SuaraMubalighah.com, Tanya Jawab Tanya: Belum lama ini ada pejabat negara yang mengajak masyarakat untuk ikut memilih dalam pesta demokrasi dan mengimbau untuk memilih pemimpin yang sedikit kejelekannya dibandingkan pemimpin lainnya. Alasan yang diungkapkan, pemilu itu bukan mencari pemimpin yang baik, tapi untuk menghalangi orang yang lebih jahat untuk menjadi pemimpin. Bagaimana menyikapi terkait hal ini? (Syarifa Zahwa)

Jawab:

Sebagai agama yang sempurna, Islam telah memiliki aturan dan tata cara bagaimana memilih pemimpin, termasuk memilih pemimpin negara atau pemimpin dalam pemerintahan (penguasa) yang benar sesuai syariat Islam. Dalam sistem politik Islam yang menerapkan sistem pemerintahan Khilafah, akidah menjadi hal mendasar dalam menentukan kelayakan seseorang untuk dipilih menjadi pemimpin dalam pemerintahan (penguasa), baik pemimpin negara (khalifah), pemimpin setingkat provinsi (wali), maupun pemimpin setingkat kabupaten atau kota (amil).

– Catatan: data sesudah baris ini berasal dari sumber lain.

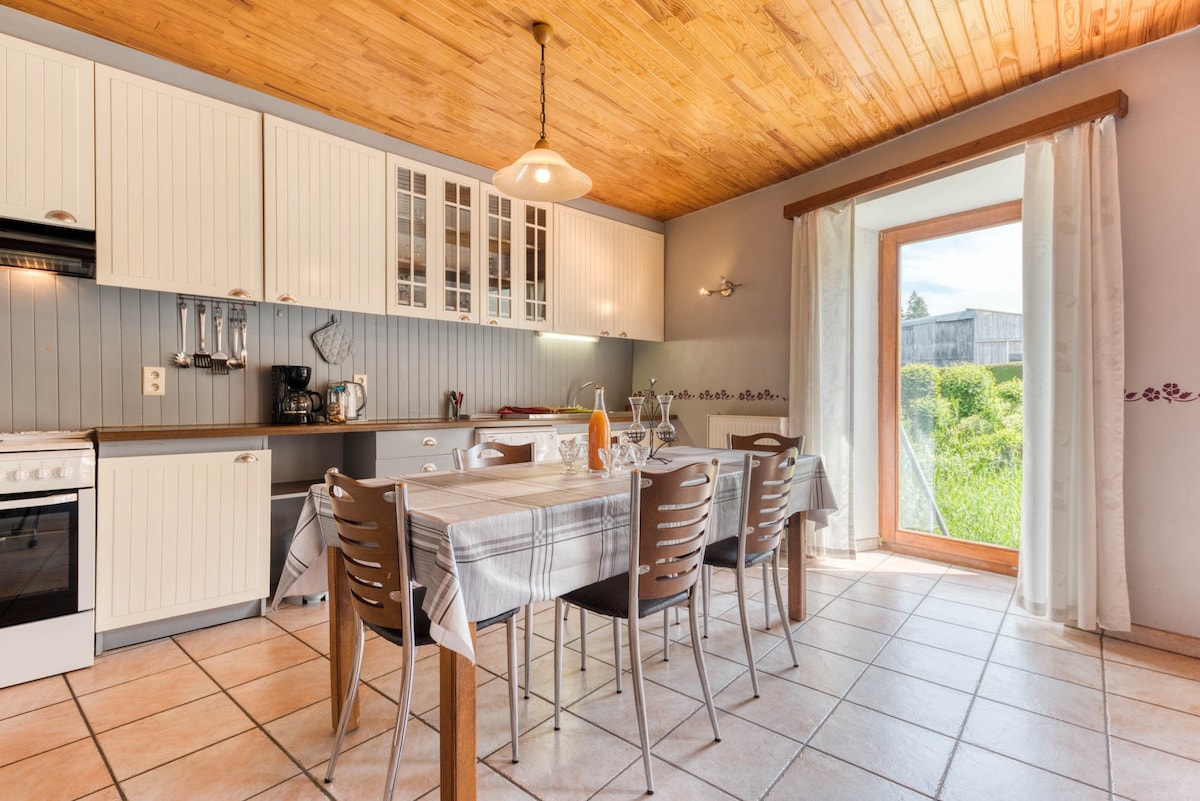 Casa de carácter en el castillo granja amueblada en el antiguo suministro. Calor y luz, gran comodidad. Situado en los valles de Ourthe y Laval, entre Bastogne y Saint-Hubert, aldea de 5 casas en medio de los prados y cerca del bosque. Mucho encanto. Casa cómoda y luminosa. Al borde de un arroyo, adosado a varias otras casas, en 2 niveles.
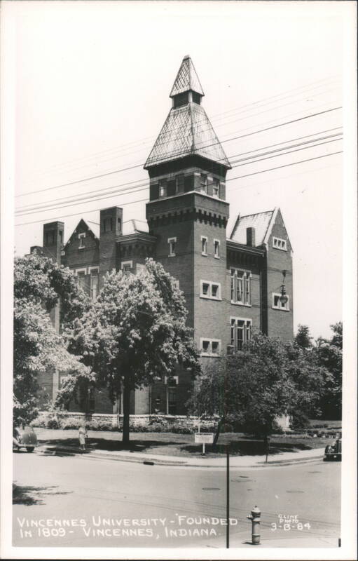 Exterior view of a large brick university building with a prominent central tower, seen from a street corner. Trees line the street and are in front of the building. A fire hydrant is visible in the foreground.

Dalam sistem politik Islam syarat menjadi khalifah, wali, ataupun amil meliputi dua perkara. Pertama, syarat in’iqad (syarat wajib), yakni Islam, laki-laki, baligh, berakal, adil (tidak fasik), merdeka, dan mampu. Kedua, syarat afdaliyyah (keutamaan), di antaranya seorang mujtahid, ahli di bidang kemiliteran atau strategi perang, dan sebagainya. Syarat afdaliyyah ini tidak wajib, tapi lebih utama jika dimiliki oleh pemimpin dalam pemerintahan.

Adapun berkaitan dengan memilih pemimpin dalam pemilu demokrasi, hakikatnya adalah memilih pemimpin yang akan menjalankan sistem pemerintahan demokrasi kapitalis yang meletakkan kedaulatan di tangan rakyat, atau meletakkan kewenangan membuat hukum di tangan manusia. Hal ini jelas bertentangan dengan sistem pemerintahan dalam Islam yang meletakkan kedaulatan di tangan Asy-Syaari’ (Allah Ta’ala), atau meletakkan kewenangan membuat hukum di tangan Allah. Dari sini, memilih pemimpin negara dalam pesta pemilu demokrasi, diperlukan pencermatan secara mendalam terhadap setiap calon pemimpin tersebut, wajib betul-betul diketahui syarat orang yang boleh dipilih, yaitu:

Pertama, calon memenuhi syarat in’iqad yang tujuh, yaitu Islam, laki-laki, baligh, berakal, adil (tidak fasik), merdeka, dan mampu.

Kedua, harus berasal dari latar belakang Islami, dan bukan dari partai sekuler. Dan dalam proses pencalonan ia tidak boleh menempuh cara-cara haram seperti penipuan, pemalsuan, dan penyuapan. Ia juga tidak boleh berkoalisi dengan orang-orang sekuler.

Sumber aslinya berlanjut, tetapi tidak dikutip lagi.